**Action item:** Transcribe the data underneath exactly. No images belong in your version.

**Information shown:**
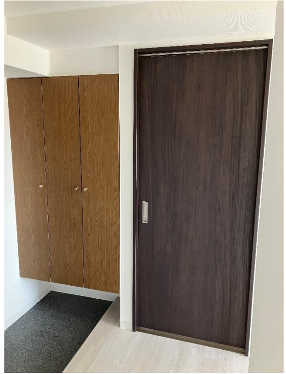
玄関収納と新設した引戸
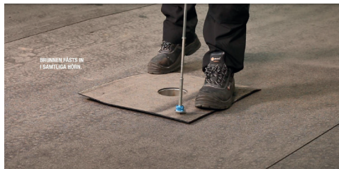
1. Fäst in takbrunnen i alla fyra hörnen.

För ytterligare information om montering, kontakta vår taktekniker.

**Reply to the exercise:**
玄関収納と新設した引戸
1. Fäst in takbrunnen i alla fyra hörnen.

För ytterligare information om montering, kontakta vår taktekniker.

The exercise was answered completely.